If a PDB is blocking a drain, you'll see it in the kubectl drain output ("cannot evict ... violates pod disruption budget"). Wait for replicas to come up (HPA reacts), then re-drain — or temporarily patch the PDB if it's a planned operation. Don't delete the PDB; Argo will heal it back.

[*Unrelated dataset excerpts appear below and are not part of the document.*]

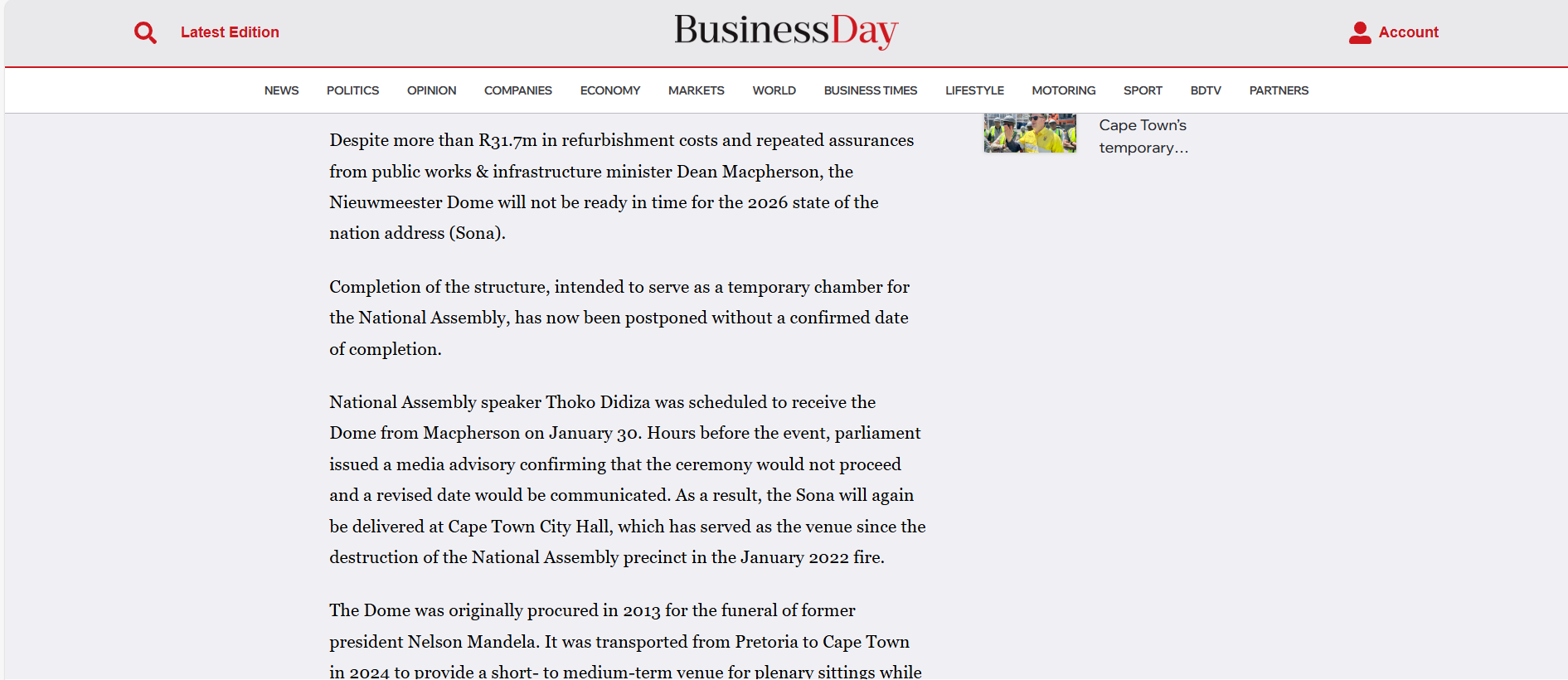 A parliamentary statement the following day invited media representatives to a ceremony on 30 January 2026 at which Public Works & Infrastructure Minister Dean Macpherson was expected to formally hand over the Nieuwmeester Dome to National Assembly Speaker Thoko Didiza – for use as a "temporary chamber" pending the completion of work on Parliament's fire-damaged buildings. There being no record of the event online (and in the absence of an official parliamentary statement) – we can only assume the handover was either postponed or cancelled. According to Business Day, "hours before the event, Parliament issued a media advisory confirming that the ceremony would not proceed and (that) a revised date would be communicated". Which would explain why a YouTube clip posted on Parliament's website that day entitled 'Handover of the Dome to NA Speaker, 30 January 2026' was unceremoniously removed.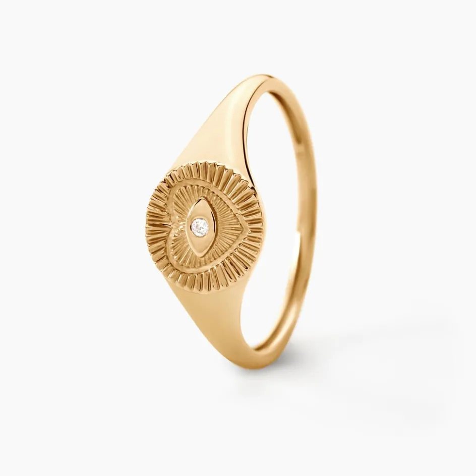 Chevaliere Or Jaune 375/1000 Plateau Rond Motif C艙ur 艙il Diamant Serti Clos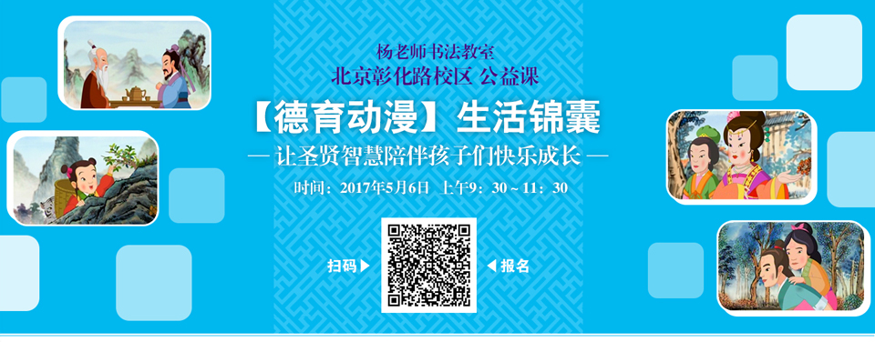 2017年5月6日,北京誠敬仁德育教育家楊淑芬老師,將在「楊老師書法教室」彰化路校區,為廣大師生以及家長們開講一場別開生面的公益課——《德育動漫——生活錦囊》,以期通過老師多年來對德育動漫監制過程中的體會,以及德育動漫教學課程的豐富經驗,引導家長和孩子們,善學善用德育動漫這一難能可貴的教育資源,讓德育動漫成為和諧家庭的領航燈和保護傘。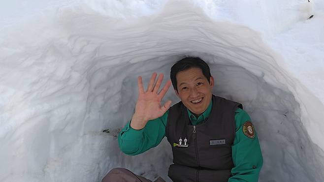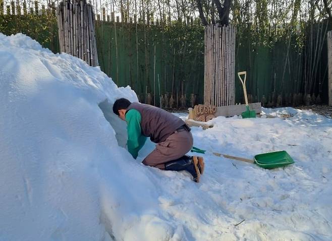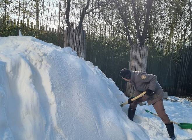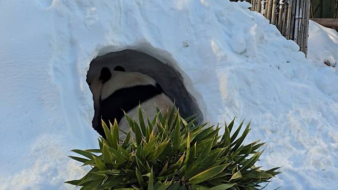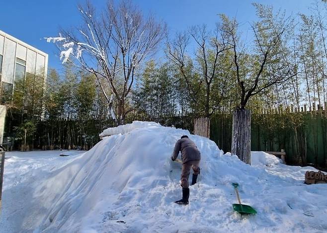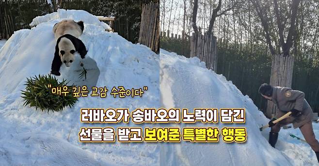 송바오는 방사장에 쌓인 눈을 한 삽 한 삽 정성스레 파내고, 치밀하게 공간을 설계해 러바오를 위한 완벽한 보금자리를 만들어냈죠.

Planned: split WS into its own pool

tomoda-api will eventually split into separate tomoda-api (HTTP) and tomoda-ws (WebSocket) pools so WS scales on a connection-count metric instead of CPU. The backend binary already supports the modes (api-hub, ws-hub). The k8s wiring is documented but not deployed — see Tomoda — WS Pool Split (Planned).

Postgres (CNPG)

Both dev and prod CNPG clusters are single-instance today. Three scaling axes:

Vertical (CPU / RAM)

Edit k8s/envs/{dev,prod}/middleware/postgres/manifests/cluster.yaml:

resources:
  requests:
    cpu: 250m
    memory: 512Mi
  limits:
    cpu: 2000m
    memory: 2048Mi

CNPG performs a rolling restart to apply. With one instance, expect ~30s downtime.

Storage

PVCs are 10Gi (dev) and 20Gi (prod). The pd-balanced storage class supports online expansion:

storage:
  size: 50Gi   # was 20Gi

Commit. CNPG resizes the PVC in place — no downtime.

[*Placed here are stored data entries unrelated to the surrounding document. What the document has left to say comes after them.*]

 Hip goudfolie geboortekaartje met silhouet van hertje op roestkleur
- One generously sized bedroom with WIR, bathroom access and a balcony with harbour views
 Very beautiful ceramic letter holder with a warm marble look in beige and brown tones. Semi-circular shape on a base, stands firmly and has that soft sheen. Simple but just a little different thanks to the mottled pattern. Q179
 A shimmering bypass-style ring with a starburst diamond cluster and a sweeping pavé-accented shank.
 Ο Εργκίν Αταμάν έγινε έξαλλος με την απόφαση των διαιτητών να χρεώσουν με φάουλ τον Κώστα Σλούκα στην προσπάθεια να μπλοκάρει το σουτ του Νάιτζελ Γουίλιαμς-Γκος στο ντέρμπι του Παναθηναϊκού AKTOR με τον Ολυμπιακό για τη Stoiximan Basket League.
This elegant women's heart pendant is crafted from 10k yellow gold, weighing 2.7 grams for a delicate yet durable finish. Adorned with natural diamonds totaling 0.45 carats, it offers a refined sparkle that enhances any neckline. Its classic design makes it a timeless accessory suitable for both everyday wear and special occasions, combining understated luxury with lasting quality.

Horizontal (read replicas)

For read-heavy workloads, add a replica:

spec:
  instances: 2   # 1 primary + 1 streaming replica

CNPG creates the replica, sets up streaming replication, and exposes a postgres-prod-ro service for read-only queries. Update the backend to route read traffic there if you want to actually use it — otherwise the replica only serves as warm standby for failover.

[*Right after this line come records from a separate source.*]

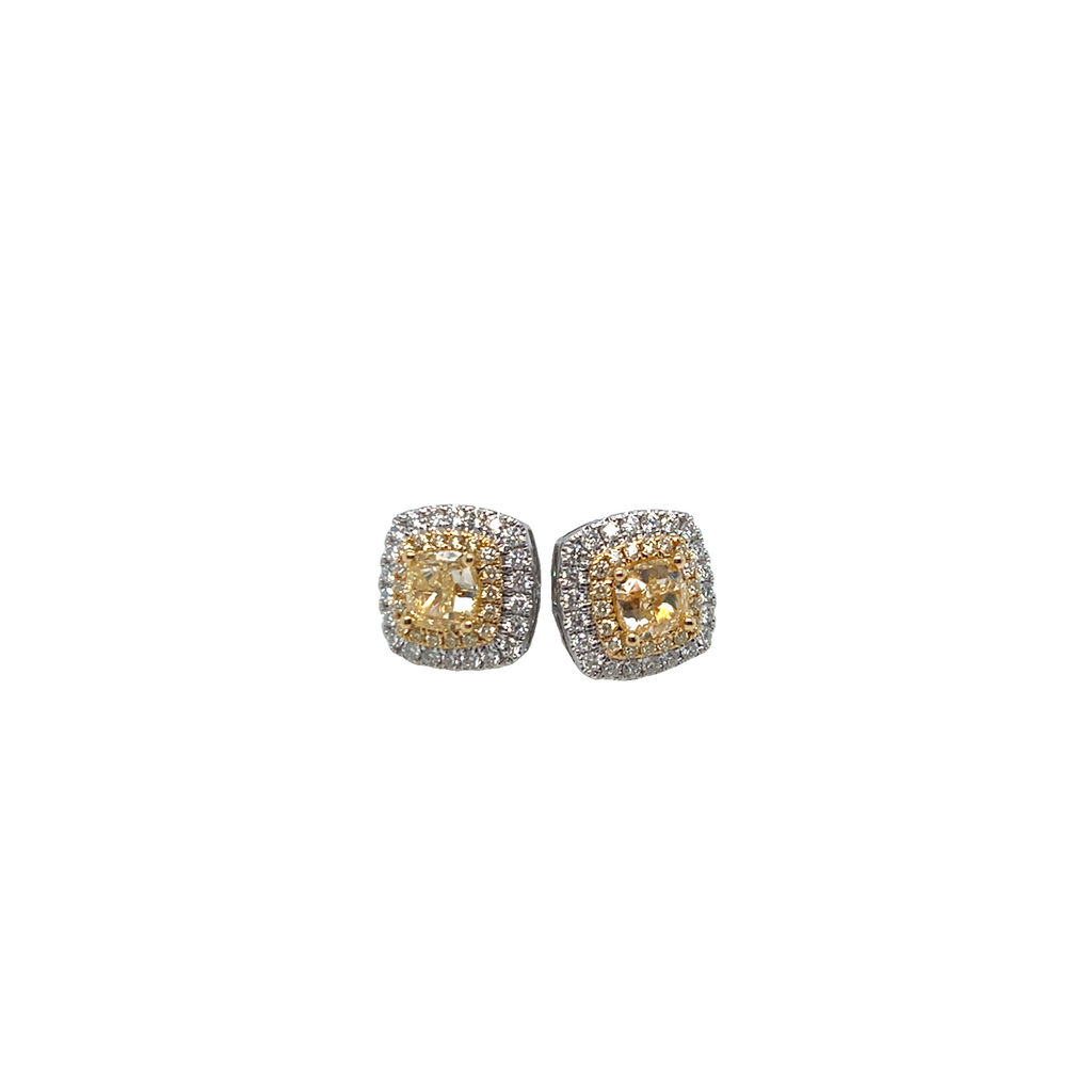 18K TWO TONE NATURAL CANARY DIAMOND EARRINGS 2.75CT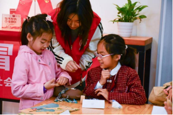 志愿者帮助小朋友学会正确包扎手指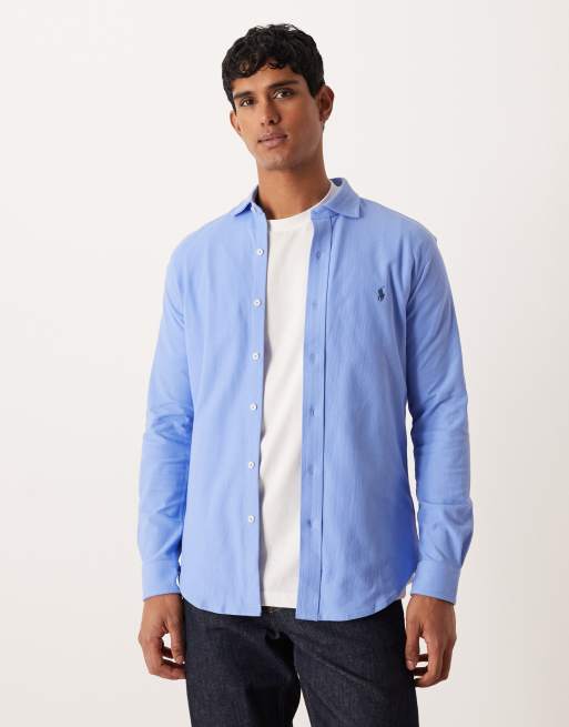 Polo Ralph Lauren icon logo honeycomb cotton jersey shirt in light blue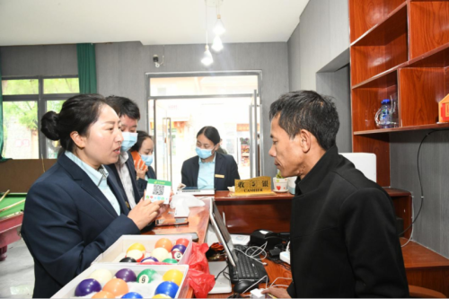 沐恩邸社区宏鹰茶楼老板吉觉勒果热情地接待了前来外拓的土比妞牛,刚一坐下就说:“听说你们在推广商户收款二维码,钱直接打在卡上,不仅免手续费,还送个大喇叭,现在就给我安装一个呗。”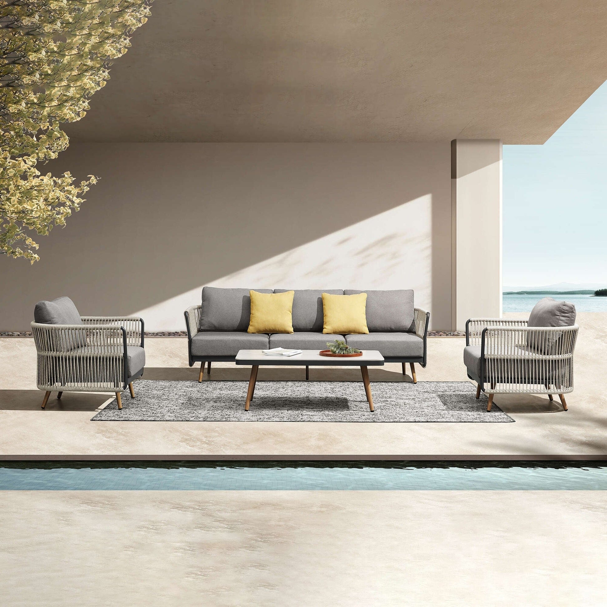 Crea un'oasi all'aperto tranquilla e invitante con il set da conversazione per patio HIGOLD da 4 pezzi. Questo splendido set include due sedie, un divano a tre posti e un tavolino da caffè, perfetti per rilassarsi e godersi la compagnia degli amici. I cavi in ​​PE resistenti alle intemperie sono robusti ed eleganti, mentre la seduta con cuscino in schiuma di spugna e il rivestimento in tessuto a fibre corte, che offrono un comfort duraturo, rendono questo set costruito per resistere agli elementi. L'elegante tavolino da caffè con piano in vetro nero aggiunge un tocco di raffinatezza, mentre i morbidi cuscini offrono ampio comfort per rilassarsi all'aperto.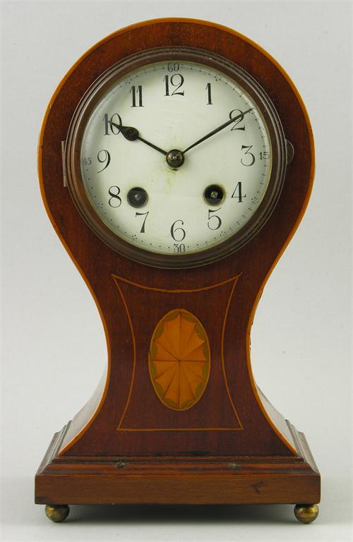 A French mahogany and paterae inlaid balloon cased mantel clock

See Postgres Operations for backup, restore, and tuning details.

Redis

Redis runs as a Bitnami Helm chart. Tune via values:

# k8s/envs/{dev,prod}/middleware/redis/values.yaml
master:
  resources:
    limits:
      memory: 1Gi
replica:
  replicaCount: 0   # set to 1+ to enable replicas

The current setup is single-master, no replicas. Redis is used for sessions and cache only — losing it forces re-login but does not lose persistent data.

Node pools

The GKE cluster runs on a spot node pool (defined in infrastructure/gcp/). Two ways to grow capacity:

Static — change node_count in Terraform

# infrastructure/gcp/gke.tf (or wherever the node pool is defined)
node_count = 5   # was 3

terraform apply. GKE adds nodes.

Dynamic — cluster autoscaler

If the node pool was created with autoscaling enabled, GKE will add nodes when pending pods exceed capacity. Check:

gcloud container clusters describe gke-tomoda \
  --zone asia-east1-a --project development-485000 \
  --format="value(autoscaling)"

If autoscaling is off, edit the node pool block in Terraform to enable it. Verify before relying on it — node-level autoscaling and HPA are two different mechanisms and both need to be configured for true elastic scale.

Spot nodes can be preempted

GCP preempts spot VMs without notice. CNPG and the backend both tolerate node loss (Postgres reattaches its PVC; backend reschedules), but a single-replica deployment will see brief downtime. Run at least 2 backend replicas in prod to ride out preemptions.